At rest the consumption of our processor requires no special comment. Two processors out of the lot, however: the Core i7 2600K with a consumption system within 120 Watts and the Phenom II X6 1100T with the same consumption. Under load, the story is different: the Core i7 system 990x peaked at over 330 watts or a few extra watts against the Core i7 980X. Nevertheless, in charge of the Phenom II X6 1100T is less greedy ... as the Core i7 2600K!

Overclocking
Unable to close the test let alone overclocking. That side, we were pleasantly surprised. Not only did we reach 4 GHz in a jiffy, but we managed to reach 4.2 and 4.4 GHz without any problems and stably. We have suddenly found our ambitions for reach 5 GHz. Goal succeeded because we've run the Core i7 990x to 5 GHz with 167 MHz system bus and a coefficient to 30x. If the system starts smoothly we had to manually adjust some tension so that Windows 7 will not load completely blue screen (or black). No way, however, achieve a stable 5.4 GHz ... despite several attempts!

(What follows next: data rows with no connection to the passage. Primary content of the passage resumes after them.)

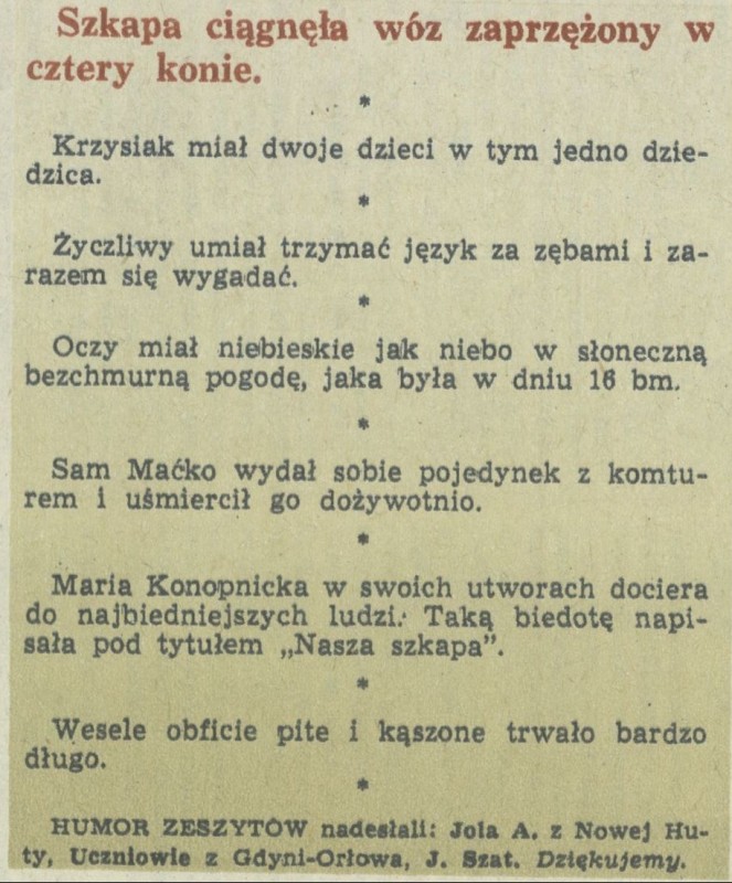 Archiwum / Humor zeszytów szkolnych nr 1444 (50/1972) 59216/123969 Podziel się Tytuł [Szkapa ciągnęła wóz zaprzężony w cztery konie...] Rubryka Humor zeszytów szkolnych Artykuł z numeru 1444 (50/1972) Data wydania 10 grudnia 1972 Tagi humor zeszytów szkolnych rozmaitości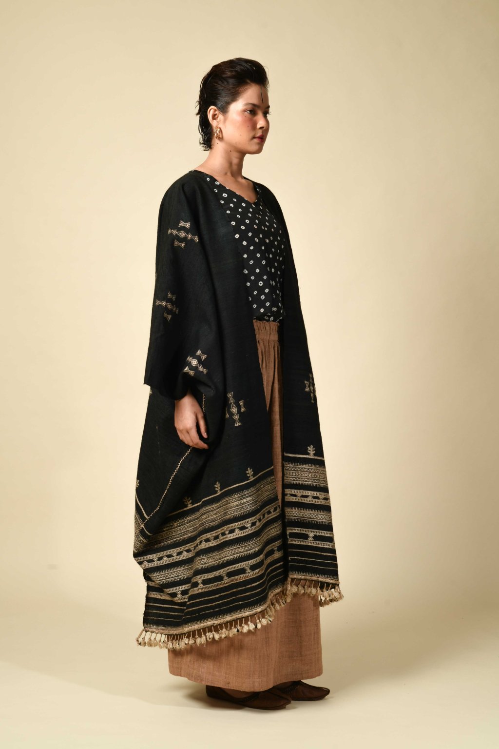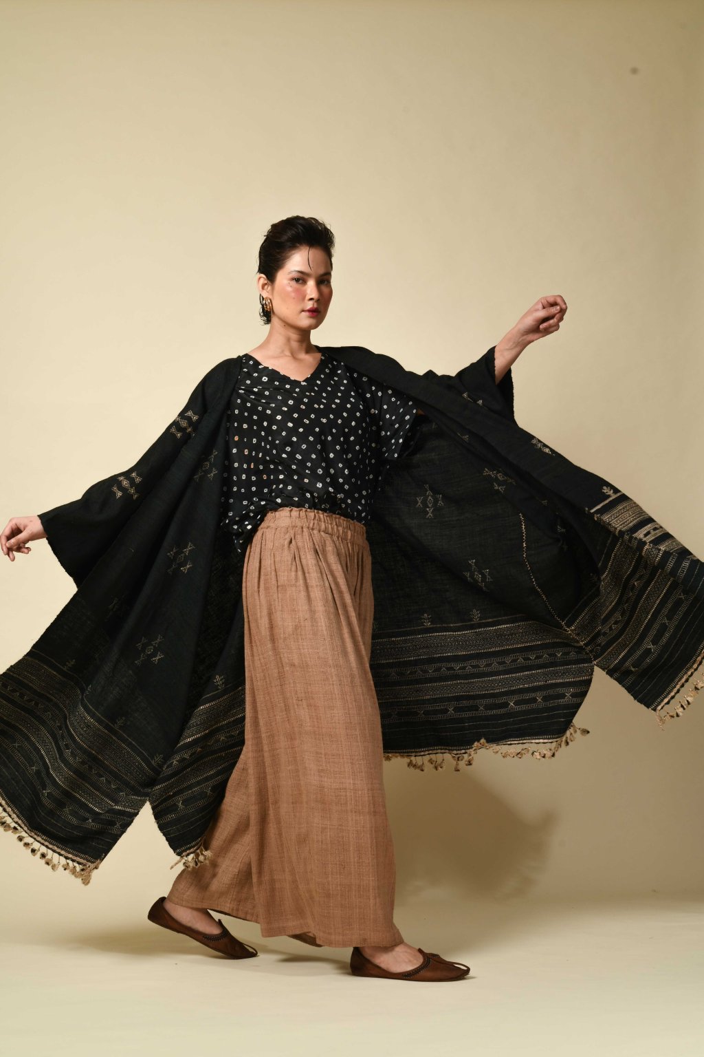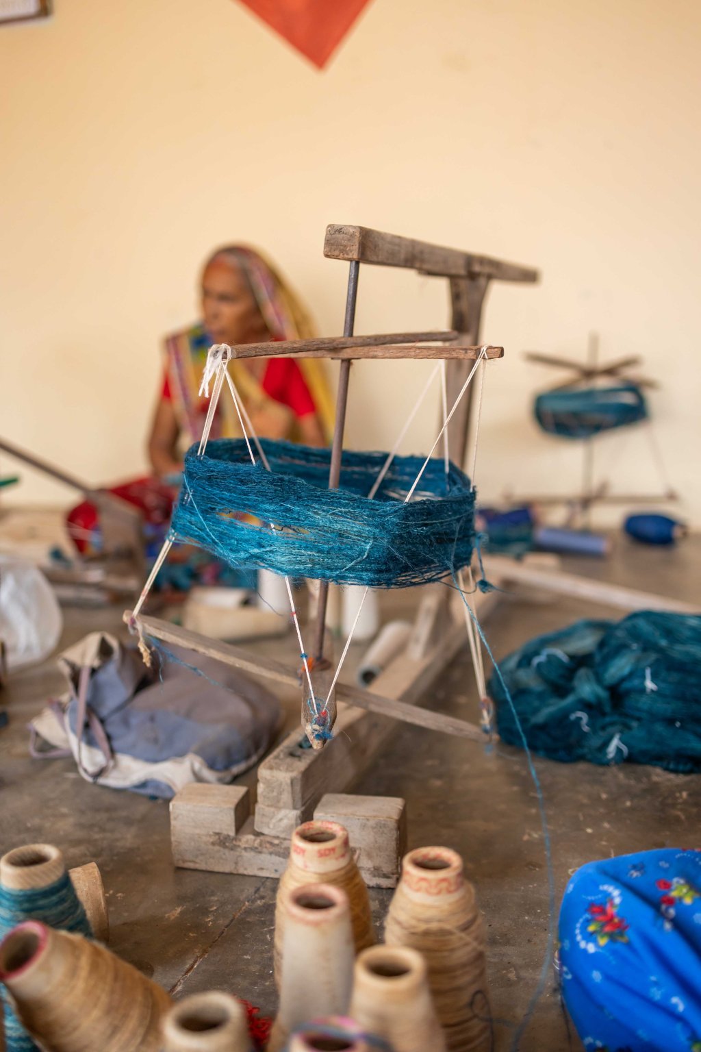 Rajanova paleta barev čerpá přímo ze země: tlumené hnědé odstíny pouště, chladné indigo, teplé tóny přírodní červeně. Pracuje s řadou výjimečných vláken – od lokální vlny Desi a jemné vlny Merino, přes ručně spřádané hedvábí Tussar a Eri, až po původní bavlnu Kala. Do každého kusu tak vnáší dokonalou rovnováhu měkkosti a síly.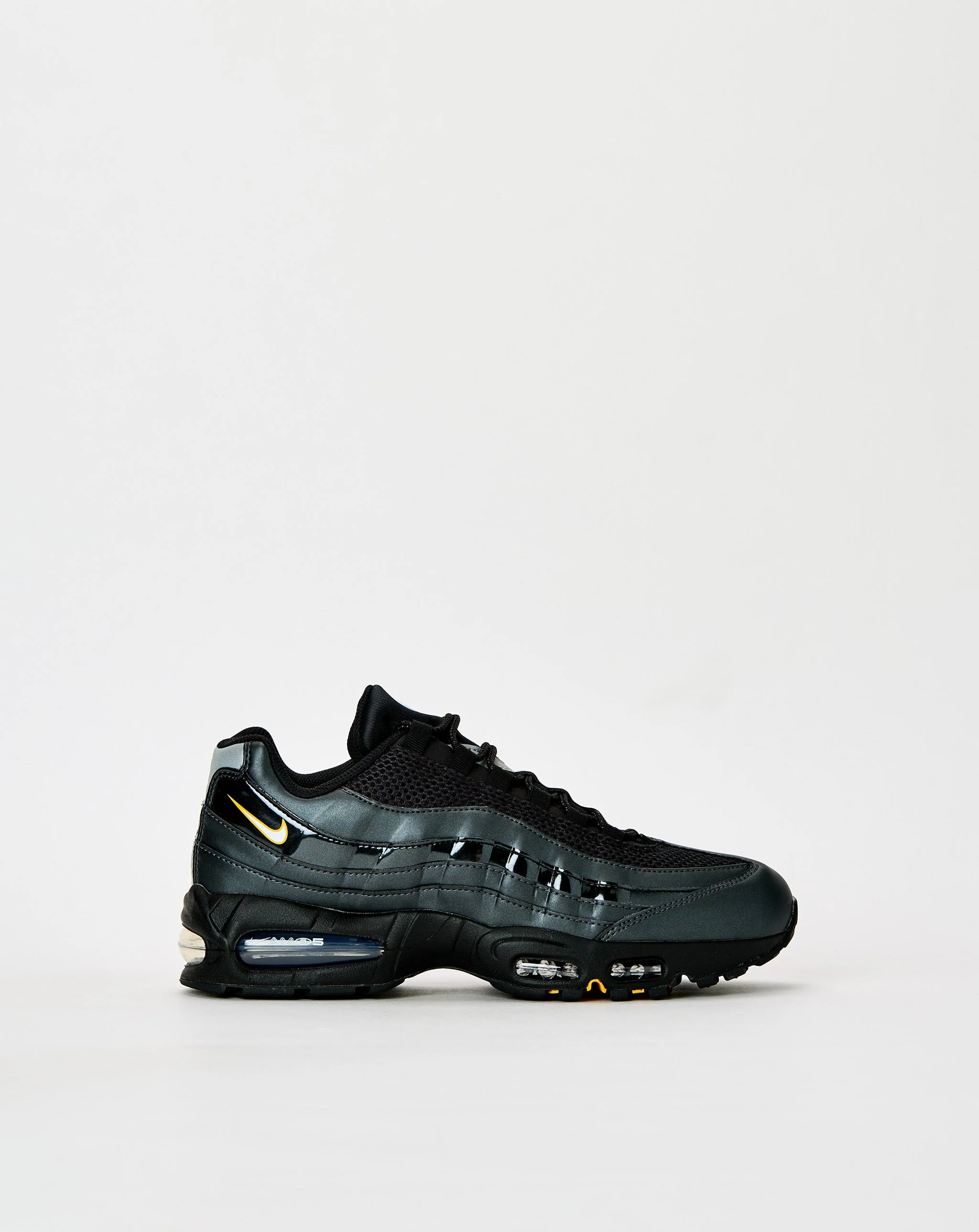 The Air Max 95 originally takes inspiration from human anatomy, leading to its distinctive wavy design. This version pairs mixed materials and visible Max Air cushioning for a layered look with unbelievable comfort. - Inspired by human anatomy, the midsole and outsole represent the spine while upper panels are the muscles and the laces are the shoe’s ribs. - Upper mixes synthetic leather and textiles for a layered look built to last. - Visible Max Air cushioning provides lightweight cushioning. - Flex grooves in the midsole/outsole let you move freely. - Style #: IB6830-001 Product Details: • Listed in U.S. Men's Sizes. • Color: Black | White | University Gold

Various tests including an overclocking at 5 GHz

Conclusion
Delayed many times, then finally launched in haste, the Core i7 990x is the absolute fastest Intel processors, no doubt about that. It is also a good way for Intel to erase an image somewhat tarnished with the case of the bug Sandy Bridge.

While the new platform Intel Socket LGA-1155 has the ignition delay - the fault of a bug found in chipsets Series 6 after marketing - Intel seems to prolong the life of his high-end platform in LGA-1366. It was believed the Socket LGA 1366 and sentenced there in truth this stimulus Intel platform by giving it life ... Beyond the launch of Core i7 990x, the arrival in several motherboard manufacturers new references based on the chipset X58 is a sign that does not disappoint! Even Intel is ready to play by giving her offspring with the Smackover DX58SO2.
Returning briefly to the Core i7 990x: if it is the fastest processor at the time, Intel does not force his talent as this new standard is a mere speed-bump. Without a new revision of the die, it merely an increase of 133 MHz nominal frequency is not very long but it can occupy the land by the release of new chips AMD Bulldozer. As for the first hexa-core processors based on Intel's Sandy Bridge architecture, their output would have been postponed to the latest news ... this may be explaining this. We find still in our tests for the game, the second generation Core processors (ie the Sandy Bridge) are better than the new Core i7 990x.

A final word on the price of the Core i7 990x, indecent necessarily a price: it will cost a little less than 1000 euros to acquire the beast. But this newcomer is still a merit: it is mechanically cut the price of Core i7 970 and 960 and in significant proportions! It may ultimately be her only interest?